Well, it turns out that the leap second implemented Tuesday night caused far more disruption than the mythical Y2K bug did fifteen years ago. That is to say, about 2000 networks around the world were down for a few minutes at midnight UTC. The same thing happened in 2012, with consequences that were a bit more severe. So we are getting better.
Wait. What is the leap second again? Well, it’s the human construct created to account for the Earth’s natural slowing due to tidal friction. Yeah, we don’t understand that either, but there it is.
But what does it mean to the watch nerds of the world? Well, besides all the handwringing by the world’s computer specialists, not a lot. Your trusty Rollie has been running a second fast since Tuesday evening, assuming you routinely set it to an Atomic Clock.

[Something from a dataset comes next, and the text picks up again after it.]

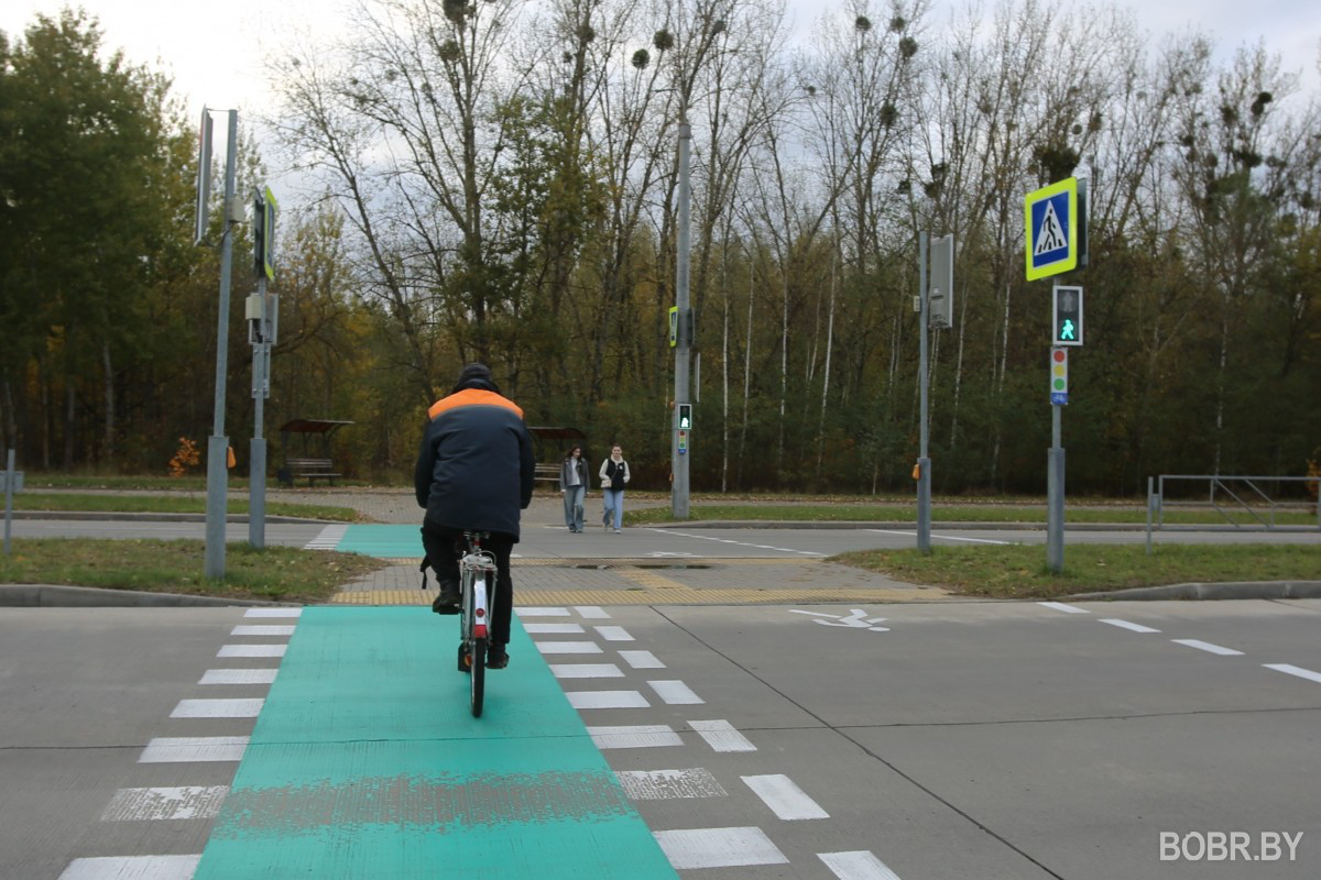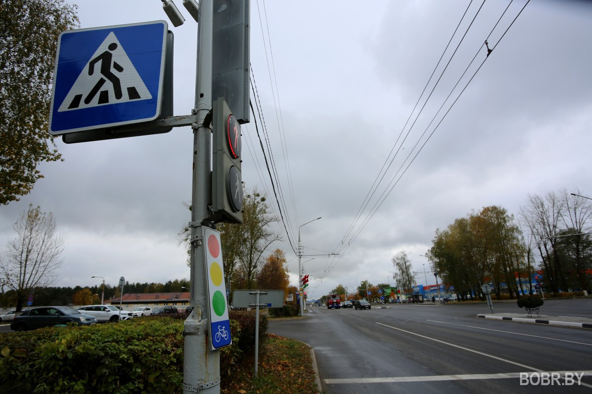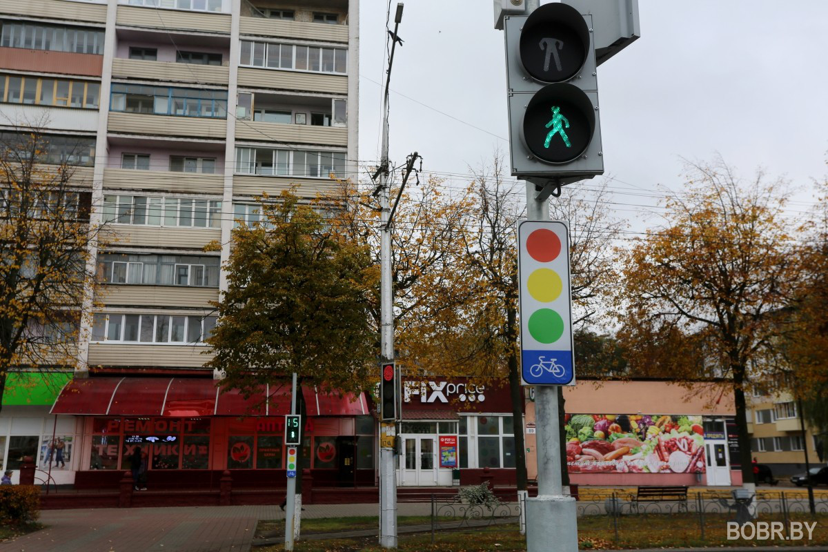 При пересечении на зеленый на некоторых из пешеходных переходов в Бобруйске велосипедист имеет право не спешиваться. Светофоры на таких переходах промаркированы специальным знаком.

Other than that, to a watch nerd, the leap second is simply an oddity. Sailors – the ones whose need for accurate time was among the most critical – determined longitude just fine for a couple of centuries without needing to allow for it.
In fact, humans get along just fine without worrying about the leap second.
Computers on the other hand, don’t always do so well. Software, especially old software, is a harsh mistress. Rigid and unforgiving too. Witness 2012 and Tuesday night.
So stick with your Rolex and don’t let the vagaries of the internet age get you down.